> _Activity_:
Write out the following listing's lines from the one with "大家好,小高來為大家解答以上" to the one with "島根県出雲市、出雲大社に程近", exactly, with both included and no others.

> _Given records_:
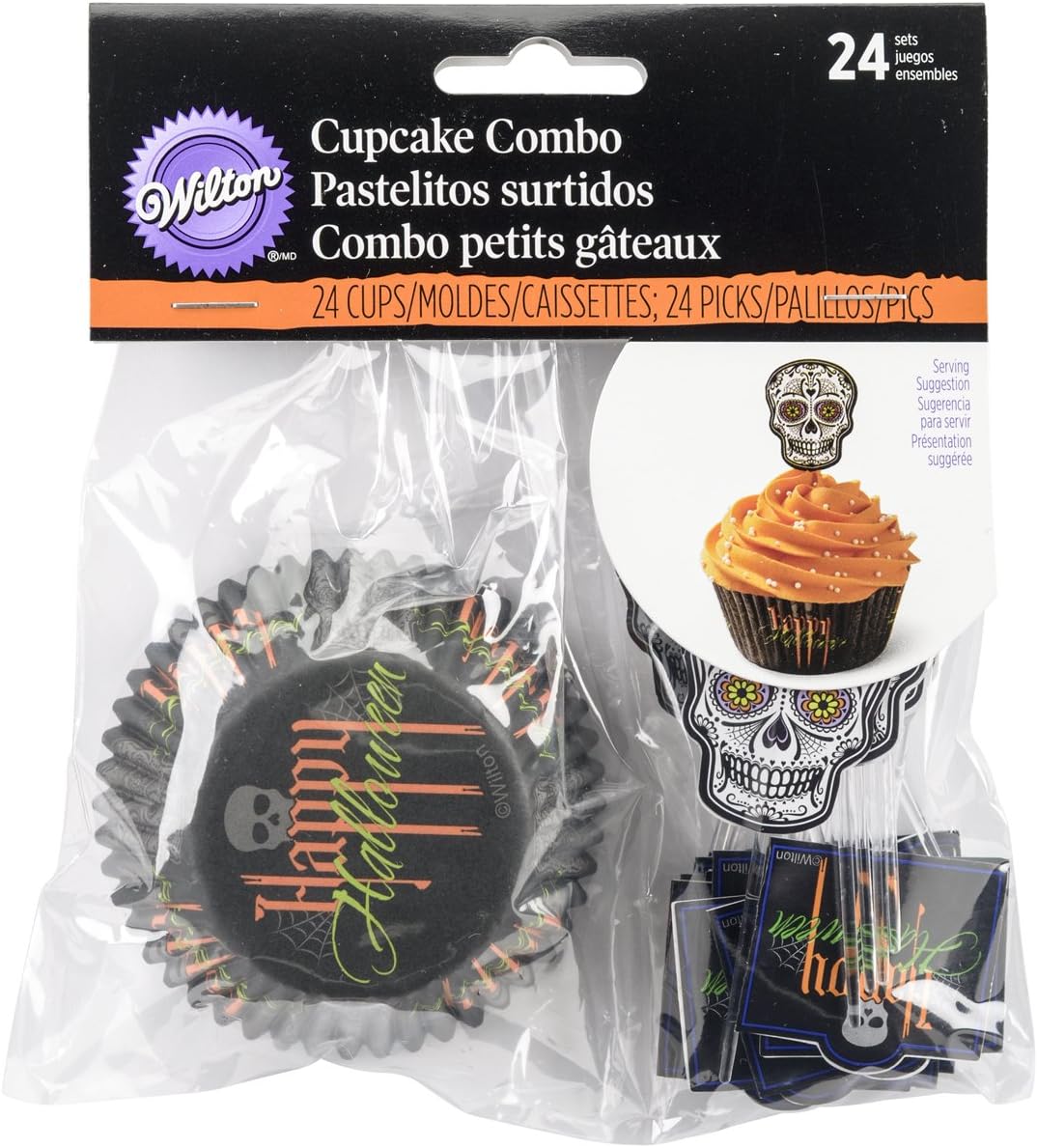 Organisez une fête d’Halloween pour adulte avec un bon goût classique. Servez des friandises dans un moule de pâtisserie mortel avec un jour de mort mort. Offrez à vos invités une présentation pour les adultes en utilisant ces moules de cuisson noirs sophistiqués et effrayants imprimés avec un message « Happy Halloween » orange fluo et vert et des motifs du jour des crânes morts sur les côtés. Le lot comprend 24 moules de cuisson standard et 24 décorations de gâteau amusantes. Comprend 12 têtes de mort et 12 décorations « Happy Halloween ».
==
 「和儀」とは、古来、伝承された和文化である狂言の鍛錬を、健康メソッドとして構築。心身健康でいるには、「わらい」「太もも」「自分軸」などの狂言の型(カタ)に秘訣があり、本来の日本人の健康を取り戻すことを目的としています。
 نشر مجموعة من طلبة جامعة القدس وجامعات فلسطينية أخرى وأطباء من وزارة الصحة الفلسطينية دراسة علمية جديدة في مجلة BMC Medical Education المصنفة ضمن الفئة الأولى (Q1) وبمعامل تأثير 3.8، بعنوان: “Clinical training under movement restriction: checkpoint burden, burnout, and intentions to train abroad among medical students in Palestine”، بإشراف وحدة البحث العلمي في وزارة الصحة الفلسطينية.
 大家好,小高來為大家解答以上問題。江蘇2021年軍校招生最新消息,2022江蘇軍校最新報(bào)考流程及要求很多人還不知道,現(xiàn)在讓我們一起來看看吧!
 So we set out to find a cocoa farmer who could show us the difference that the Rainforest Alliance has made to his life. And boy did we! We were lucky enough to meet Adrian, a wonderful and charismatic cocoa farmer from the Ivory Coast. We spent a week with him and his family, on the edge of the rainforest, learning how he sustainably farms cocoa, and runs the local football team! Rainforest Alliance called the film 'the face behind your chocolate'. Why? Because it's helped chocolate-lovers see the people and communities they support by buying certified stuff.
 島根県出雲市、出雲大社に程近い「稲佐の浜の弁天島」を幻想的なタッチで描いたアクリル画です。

> _Task response_:
 大家好,小高來為大家解答以上問題。江蘇2021年軍校招生最新消息,2022江蘇軍校最新報(bào)考流程及要求很多人還不知道,現(xiàn)在讓我們一起來看看吧!
 So we set out to find a cocoa farmer who could show us the difference that the Rainforest Alliance has made to his life. And boy did we! We were lucky enough to meet Adrian, a wonderful and charismatic cocoa farmer from the Ivory Coast. We spent a week with him and his family, on the edge of the rainforest, learning how he sustainably farms cocoa, and runs the local football team! Rainforest Alliance called the film 'the face behind your chocolate'. Why? Because it's helped chocolate-lovers see the people and communities they support by buying certified stuff.
 島根県出雲市、出雲大社に程近い「稲佐の浜の弁天島」を幻想的なタッチで描いたアクリル画です。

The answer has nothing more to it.